Albert Bowers, Ph.D.

A major focus of the lab is using genetic information about natural product biosynthesis to manipulate pathways, create new compounds, and rationally modify or improve their pharmacology. This has the benefit of efficiently accessing complex natural-product-like structures without the need for step-wise synthesis chemical synthesis. In particular, we are engineering several exceptionally promiscuous enzymatic pathways to make modified versions of their endogenous products with new biological activities. We have had success in targeting libraries of these engineered compounds against a number of challenging but important cancer targets. A mechanistic understanding of these pathways is also allowing us to expand on the endogenous structures by incorporating unnatural functional groups, capable of reacting in parallel. Additionally, we are exploring the ability to express the engineered pathways in presence of potential targets in order to ‘evolve’ new natural-product-like inhibitors.
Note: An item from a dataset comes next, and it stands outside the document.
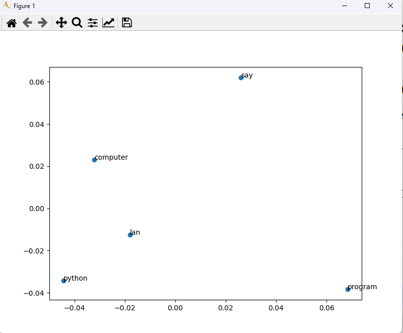 출처 = https://cafe.daum.net/flowlife/S2Ul/19 # 데이터 인코딩 print('레이블 인코딩') datas = ['python', 'program', 'computer', 'lan', 'say'] values =[] for x in range(len(datas)): values.append(x) print(values, ' ', type(values)) print('원핫 인코딩') import numpy as np onehot = np.eye(len(datas)) print(onehot) print('\n인코딩 클래스를 사용') from sklearn.preprocessing import LabelEncoder datas = ['python', 'program', 'computer', 'lan', 'say'] encoder = LabelEncoder().fit(datas) values = encoder.transform(datas) print(values, type(values)) print(encoder.classes_) print('밀집표현 : 단어의 의미를 다차원 공간에 실수로 벡터화 하는 분산표현 방법. 단어 간 유사성을 표현할 수 있다.') from gensim.models import word2vec sentence = [['python', 'program', 'computer', 'lan', 'say']] model = word2vec.Word2Vec() sentece = [['python', 'program', 'computer', 'lan', 'say']] # Word2Vec을 이용 : 유사한 단어들을 비슷한 방향과 힘의 벡터를 갖도록 변환하여 사용하는 방법 model = word2vec.Word2Vec(sentence, min_count=1, vector_size=50) print(model) word_vectors = model.wv # 단어 벡터 생성 print('word_vectors :', word_vectors) # KeyedVectors object print('word_vectors index :', word_vectors.key_to_index) print('word_vectors keys :', word_vectors.key_to_index.keys()) print('word_vectors values :', word_vectors.key_to_index.values()) vocabs = word_vectors.key_to_index.keys() word_vectors_list = [word_vectors[v] for v in vocabs] print(word_vectors_list[0], ' ', word_vectors_list[1]) # 단어 간 유사도 print(word_vectors.similarity(w1='python', w2='computer')) print(word_vectors.similarity(w1='python', w2='say')) print(word_vectors.most_similar(positive='computer')) # 코사인 유사도 알고리즘 이용 : -1 ~0 ~1 절대값 1에 근사 # 단어 간 유사도 시각화 import matplotlib.pyplot as plt def plot_2d(vocabs, x, y): plt.figure(figsize = (8, 6)) plt.scatter(x, y) for i, v in enumerate(vocabs): plt.annotate(v, xy=(x[i], y[i])) from sklearn.decomposition import PCA pca = PCA(n_components=2) xys = pca.fit_transform(word_vectors_list) xs = xys[:, 0] ys = xys[:, 1] plot_2d(vocabs, xs, ys) plt.show() <console> 레이블 인코딩 [0, 1, 2, 3, 4] <class 'list'> 원핫 인코딩 [[1. 0. 0. 0. 0.] [0. 1. 0. 0. 0.] [0. 0. 1. 0. 0.] [0. 0. 0. 1. 0.] [0. 0. 0. 0. 1.]] 인코딩 클래스를 사용 [3 2 0 1 4] <class 'numpy.ndarray'> ['computer' 'lan' 'program' 'python' 'say'] 밀집표현 : 단어의 의미를 다차원 공간에 실수로 벡터화 하는 분산표현 방법. 단어 간 유사성을 표현할 수 있다. Word2Vec(vocab=5, vector_size=50, alpha=0.025) word_vectors : <gensim.models.keyedvectors.KeyedVectors object at 0x00000259CD549D60> word_vectors index : {'say': 0, 'lan': 1, 'computer': 2, 'program': 3, 'python': 4} word_vectors keys : dict_keys(['say', 'lan', 'computer', 'program', 'python']) word_vectors values : dict_values([0, 1, 2, 3, 4]) [-1.0724545e-03 4.7286032e-04 1.0206699e-02 1.8018546e-02 -1.8605899e-02 -1.4233618e-02 1.2917743e-02 1.7945977e-02 -1.0030856e-02 -7.5267460e-03 1.4761009e-02 -3.0669451e-03 -9.0732286e-03 1.3108101e-02 -9.7203208e-03 -3.6320353e-03 5.7531595e-03 1.9837476e-03 -1.6570430e-02 -1.8897638e-02 1.4623532e-02 1.0140524e-02 1.3515387e-02 1.5257311e-03 1.2701779e-02 -6.8107317e-03 -1.8928051e-03 1.1537147e-02 -1.5043277e-02 -7.8722099e-03 -1.5023164e-02 -1.8600845e-03 1.9076237e-02 -1.4638334e-02 -4.6675396e-03 -3.8754845e-03 1.6154870e-02 -1.1861792e-02 9.0322494e-05 -9.5074698e-03 -1.9207101e-02 1.0014586e-02 -1.7519174e-02 -8.7836506e-03 -7.0199967e-05 -5.9236528e-04 -1.5322480e-02 1.9229483e-02 9.9641131e-03 1.8466286e-02] [-0.01631584 0.00899159 -0.00827415 0.00164907 0.01699724 -0.00892436 0.009035 -0.01357392 -0.00709698 0.01879702 -0.00315531 0.00064274 -0.00828126 -0.01536538 -0.00301602 0.00493959 -0.00177606 0.01106732 -0.00548595 0.00452013 0.01091159 0.0166919 -0.00290748 -0.01841629 0.0087411 0.00114357 0.01488381 -0.00162657 -0.00527683 -0.01750602 -0.00171311 0.00565312 0.01080286 0.01410531 -0.01140625 0.00371764 0.01217772 -0.0095961 -0.00621452 0.01359526 0.00326295 0.00037983 0.00694727 0.00043555 0.01923765 0.01012121 -0.01783478 -0.01408312 0.00180291 0.01278507] 0.1656355 -0.11821285 [('python', 0.16563549637794495), ('say', 0.1267007291316986), ('lan', 0.011071926914155483), ('program', -0.1551557034254074)]단어와 단어 사이의 관계를 수치로 표현할 수 있다.

Our laboratory also actively pursues SAR of several natural products by means of chemical synthesis. A number of natural products have been ignored clinically (as well as industrially) due to fundamental shortcomings, such as poor solubility or excessive cytotoxicity. Research in the lab is aimed at removing these impediments to clinical relevance by developing efficient syntheses of proposed active fragments and investigations of the minimal basis for their activity. Compounds currently being worked on in the lab target multi-drug resistant venereal infection (gonorrhea and chlamydia) and aberrant gene regulation involved in cancer progression.

Most bacterial genomes have the potential to produce many more, potentially-therapeutic natural products than have been isolated to date. We work with collaborators here at UNC and at peer institutions to elicit or turn on these unknown biosynthetic pathways and characterize their products.